A parabola is a U-shaped curve that can open upwards or downwards depending on its quadratic equation. In the context of a sprinkler, the path of water forms a downward opening parabola. The mathematical representation is given by quadratic functions like \( y = a(x-h)^2 + k \). Here, \( a \) determines the "width" or "narrowness" of the parabola's opening. Its negative value in a sprinkling situation indicates the parabola opens downwards, making it relevant for modeling how water arcs before falling back to the ground.
The vertex of the parabola, represented as \( (h, k) \), is the peak point where the maximum height of the water path is reached. In these sprinkler models, understanding the shape and position of the parabola helps determine how far the water can travel horizontally, which is crucial when comparing different sprinkler angles. Through understanding the general parabola shape, we can visualize the spray and how gravity affects it.

The vertex form of a quadratic equation, \( y = a(x-h)^2 + k \), is especially useful for identifying the parabola's peak. This specific form clearly showcases two key components: the vertex \( (h, k) \) and the value \( a \).

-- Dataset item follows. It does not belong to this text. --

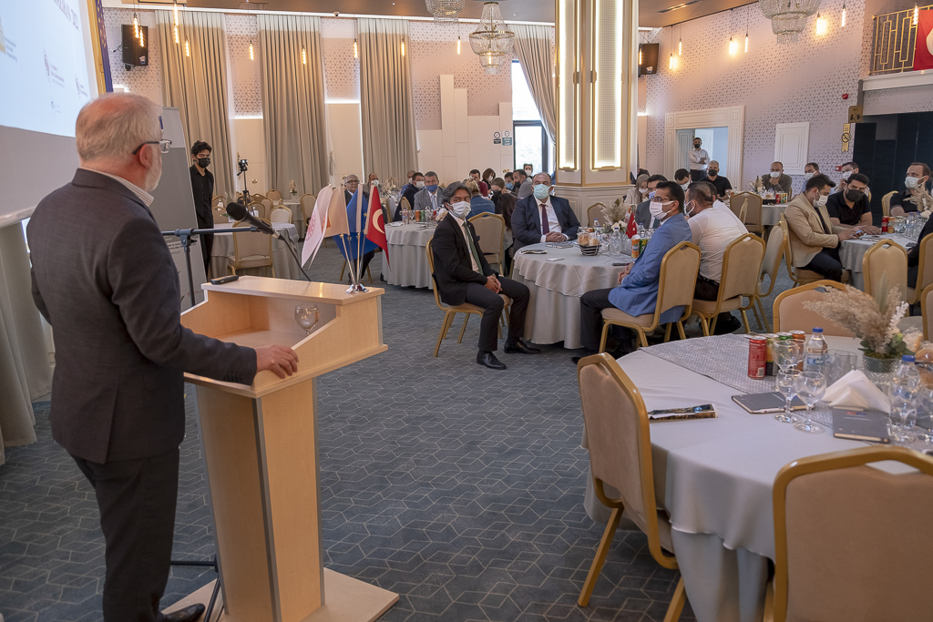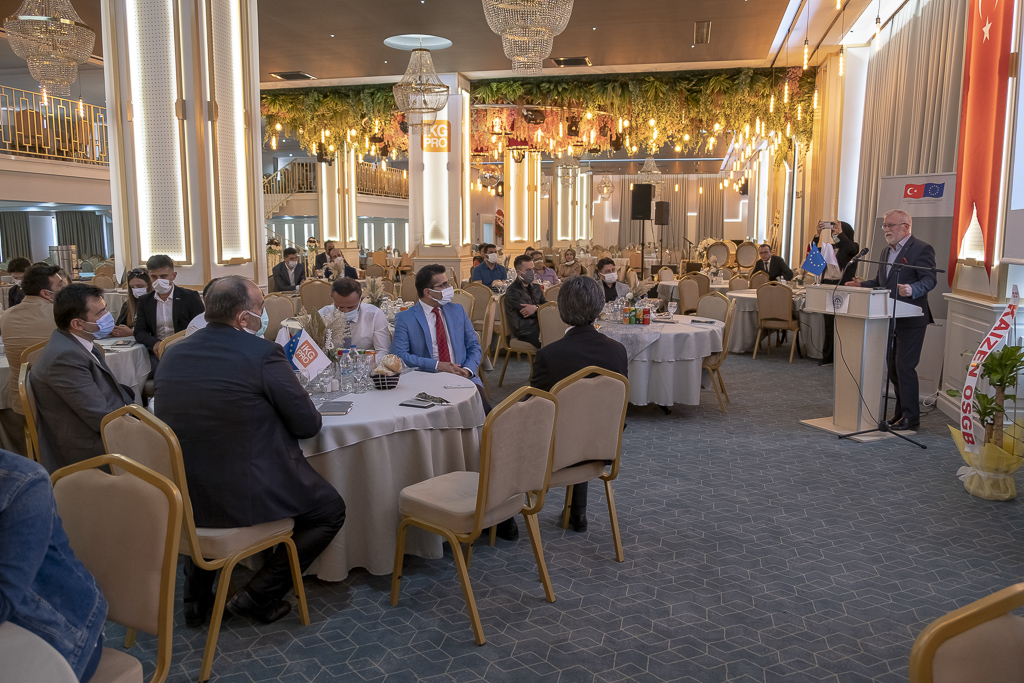 Toplantının açılış konuşmasını yapan Gerede Ticaret ve Sanayi Odası Başkanı Ersin Kaşka, konuşmasına Gerede ilçesi hakkında bilgi vererek başladı. “Gerede 25 bin nüfuslu, İstanbul ve Ankara arasında önemli bir lokasyonda bulunan bir ilçemiz. 2 organize sanayisi var. Türkiye’de çok az örneği olan Uygulamalı Bilimler Fakültemiz ve Meslek Yüksekokulumuz bulunmakta. Geçmişten bugüne İpek Yolu üzerinde, her daim ticaret ve sanayi ile haşır neşir olan bir ilçemiz. Bugün Türkiye’nin en önemli ürünlerinden birini üreten, katma değeri yüksek ürünler üreten bir potansiyele sahip. Yaklaşık 900 yıllık bir geçmişi olan, İbn Battuta ve Evliya Çelebi’nin seyahatnamelerinde de yer alan bir dericilik sektörümüz var. Türkiye’de 14 bölgede dericilik sektörü var, bunlardan biri de Gerede. Gerede’de sadece büyükbaş hayvan derisinden ayakkabılık, çantalık, kemerlik, cüzdanlık deri üretimi yapılıyor. Dolayısıyla yaklaşık 127 deri imalat fabrikası ile Türkiye’nin ayakkabılık deride yaklaşık yüzde 40 potansiyeline sahip. Bununla beraber yıllık 15 milyon adet kemer üretimimiz var. Karma Organize Sanayi Bölgemizde doluluk oranımız çok yüksek. 670 bin metrekarelik yeni bir genişleme alanımız var. 2 milyar nüfusa sahip İslam alemini de ilgilendiren Helal Sığır Jelatin Fabrikası kuruyoruz 2 tane. Bu tesislerin yaklaşık maliyeti 20 milyon Euro civarında ve dünyada bu tesislerden sadece 29 tane var. Cuma günü, Sanayi Bakanımız Mustafa Varank’ın katılımıyla fabrikalarımızdan biri açılıyor. İstihdam sayısı, 100-150 seviyelerinde, ekonomik katma değer olarak da çok yüksek ürünler üreten fabrikalar bunlar.” diye konuştu.

• Vertex (\(h, k\)): This point marks the highest or lowest point on the parabola depending on whether it opens upwards or downwards. In our case, the water peaks at point \( (h, k) \), affecting how far it reaches horizontally.


• "a" Value: As mentioned, its negative nature indicates a downward-facing parabola, showcasing how efficiently the water is spread horizontally before coming back to the ground.

Understanding the vertex form allows for a deeper insight into how the water's height distribution maps onto its horizontal reach. This analysis is vital in calculating the water's travel distance from peak to ground again.

Identifying the horizontal distance the water travels involves solving when the water trajectory, modeled by the parabolic path, returns to its initial height or hits the ground, signalled by \( y = 0 \). This happens after the water peaks and follows the descending arc of the parabola.
To find this distance, calculate the points where the graph intersects the x-axis using the quadratic formula or factoring. In these exercises, you aim to find where the parabola begins and ends around \( x=0 \), when \( y \) approaches zero.
The problem originally tasks us with comparing angles A, B, and C, which involve calculating roots to ascertain the furthest reaching angle. The root values indicate at which \( x \)-points the water starts and ceases impacting ground distance. Ultimately, the sprinkler angle resulting in the largest \( x \)-distance indicates the most effective horizontal coverage.